The flood has ruined the harvest of many farmers. “The masses of water have often destroyed large parts of this year’s harvest,” said Markus Drexler, spokesman for the Bavarian Farmers’ Association (BBV). The situation is particularly bad in Swabia and parts of Upper and Lower Bavaria. “The damage to agricultural crops such as grain, beets, potatoes and corn, but also to specialty crops such as field vegetables, strawberries and raspberries, has reached a level that cannot yet be quantified in figures.” There are farms where the entire area has been under water for days.

If young potato or corn plants are under water for several days, they die and rot. “Meadows and grain that have been flattened by the water masses can in most cases no longer be saved or are contaminated,” said Drexler.

In addition, stables in the flood areas had to be evacuated in recent days. In most cases, farmers had coordinated with each other and were able to use alternative stables, said a spokesman for the Ministry of Agriculture in Munich.

Pollutants washed onto the fields?

Damage to arable land depends on whether, for example, pollutants have been washed onto the fields, he added, but also offered hope: Damaged corn fields could possibly be re-sown. “For the further care of the crops, it is crucial that the areas are soon accessible to traffic, which depends on the course of further rainfall. The loss of yield can only be estimated once the water has completely receded.”

The state government wants to provide at least 100 million euros for those affected by the flood disaster. In a letter to Agriculture Minister Michaela Kaniber of the CSU, BBV General Secretary Carl von Butler stressed that in individual cases, businesses may be significantly affected, “in some cases to the point of endangering their existence.”

The association is grateful for the promised aid, but it is not nearly enough for many companies, added Drexler. It would be desirable that in particularly badly affected individual cases, help could be provided beyond the planned limit.

Farmers in relief effort

Insurance coverage for crops is a complex issue. In Bavaria, there is a funding program for multi-risk insurance (MGV) for agricultural crops.
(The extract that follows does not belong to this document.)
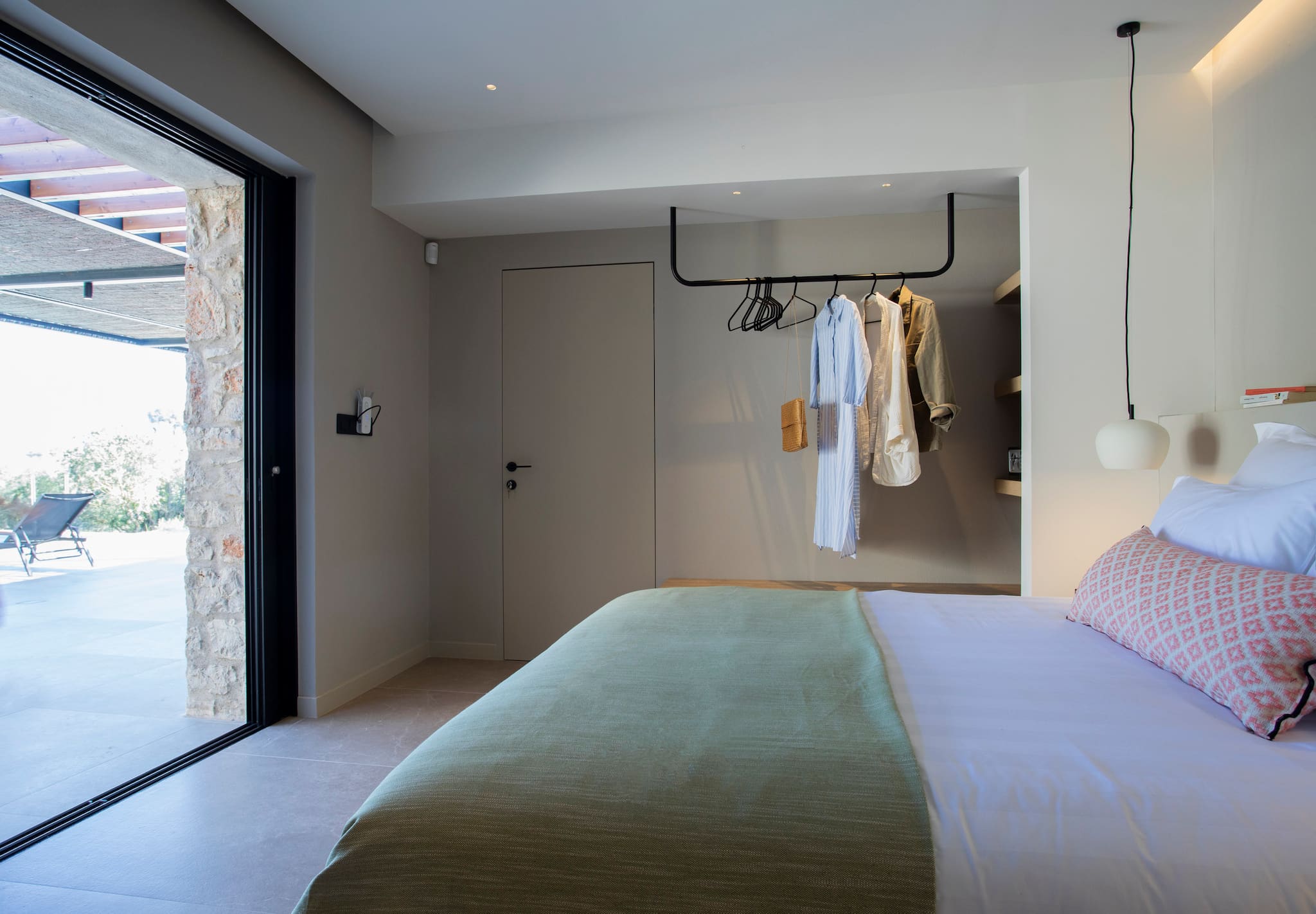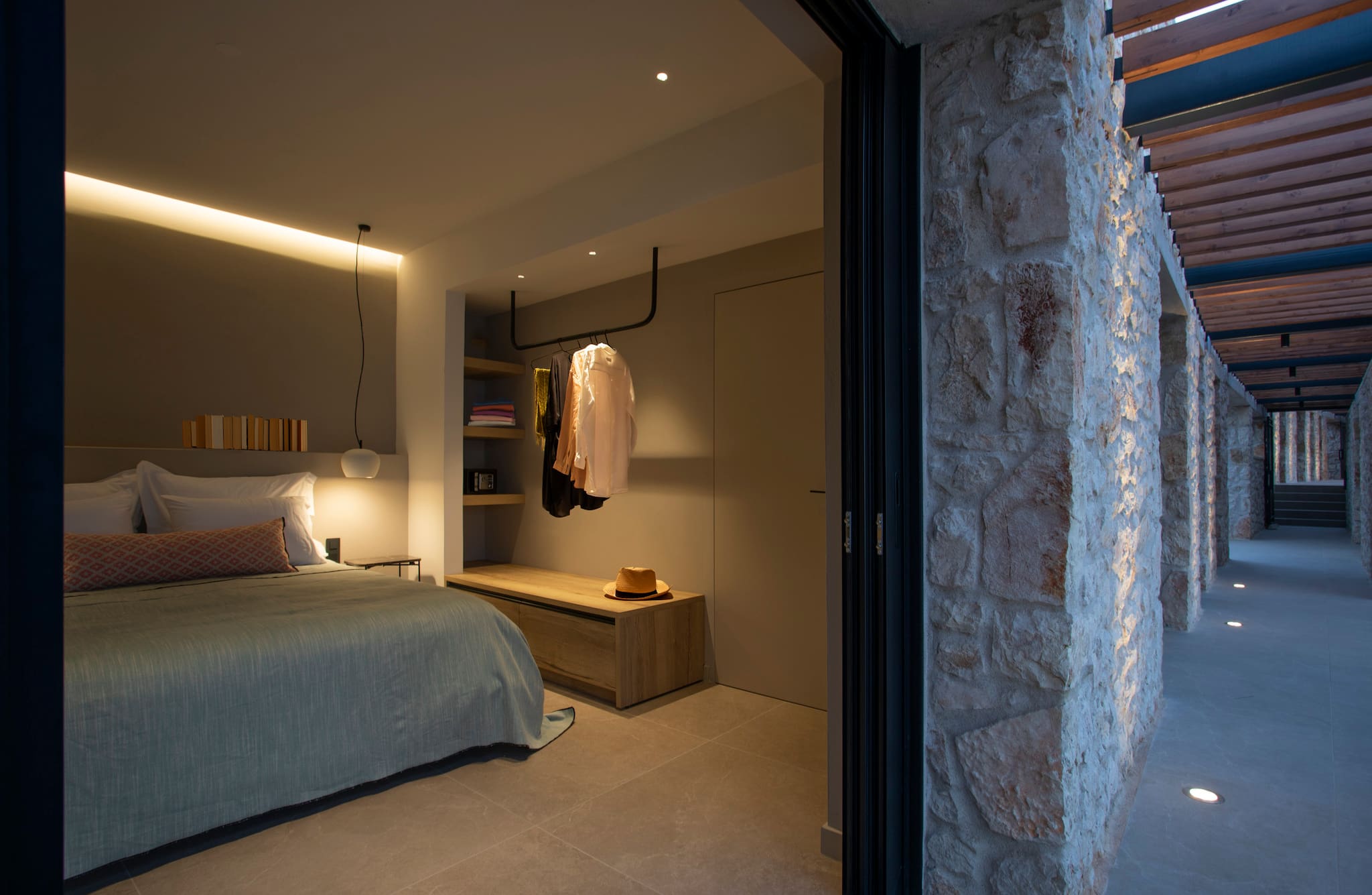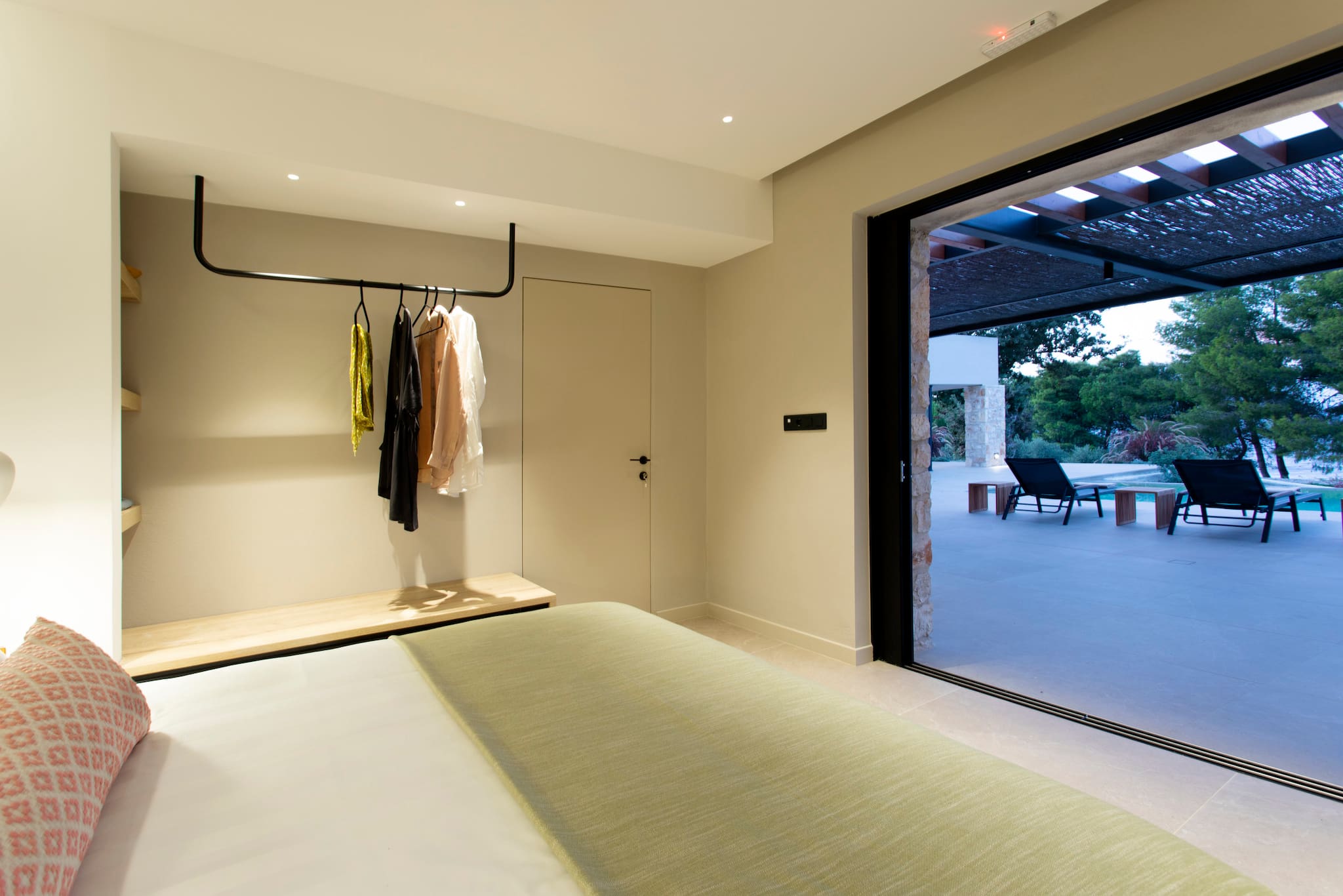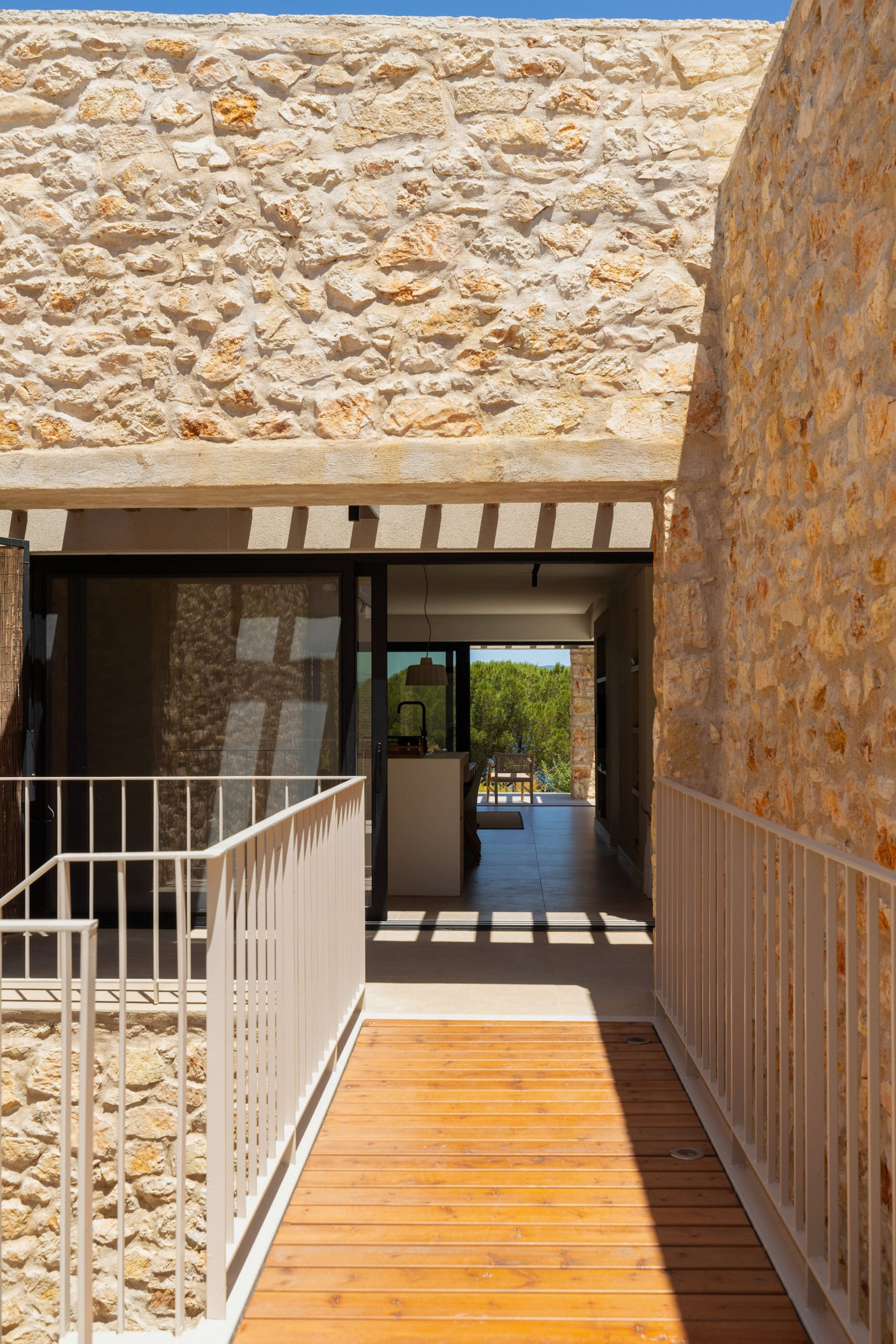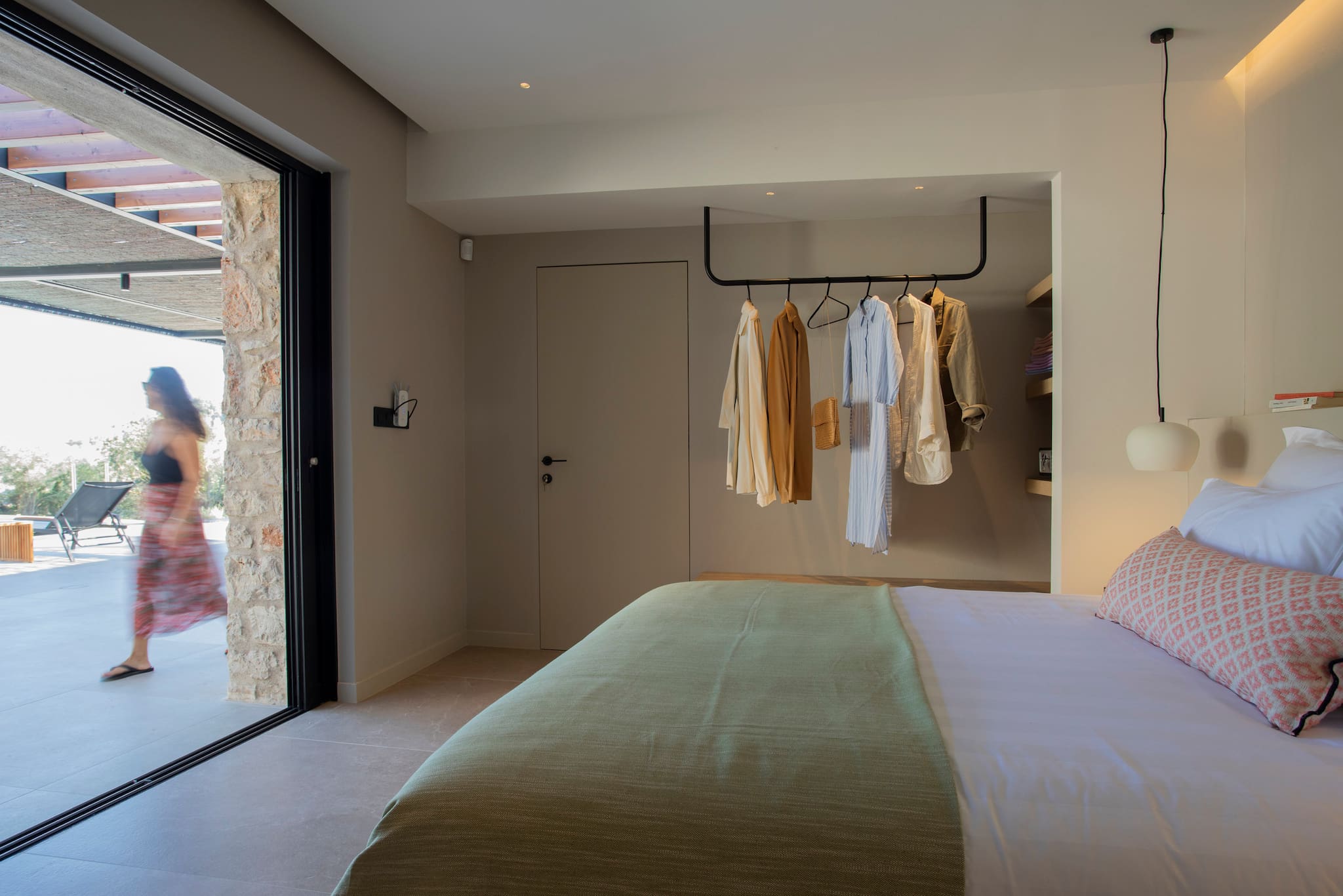 The multi-dimensional architecture of two independent building blocks, wrap around the terraces of each building with wooden beamed pergolas, creating a soothing indoor-outdoor synergy that you would expect from your summer holiday accommodation in Greece.

According to the ministry, the insurance helps with the consequences of heavy rain, for example. Floods that are not caused by direct rain on the land, but by stream flooding, for example, are not included. According to the insurance industry, flooding of agricultural land is not insurable and therefore cannot be included in the MGV funding in the future, the ministry further announced.

At the same time, both the association and the ministry thanked the farmers who helped combat the floods. In many places, farmers are in action with their equipment and machines.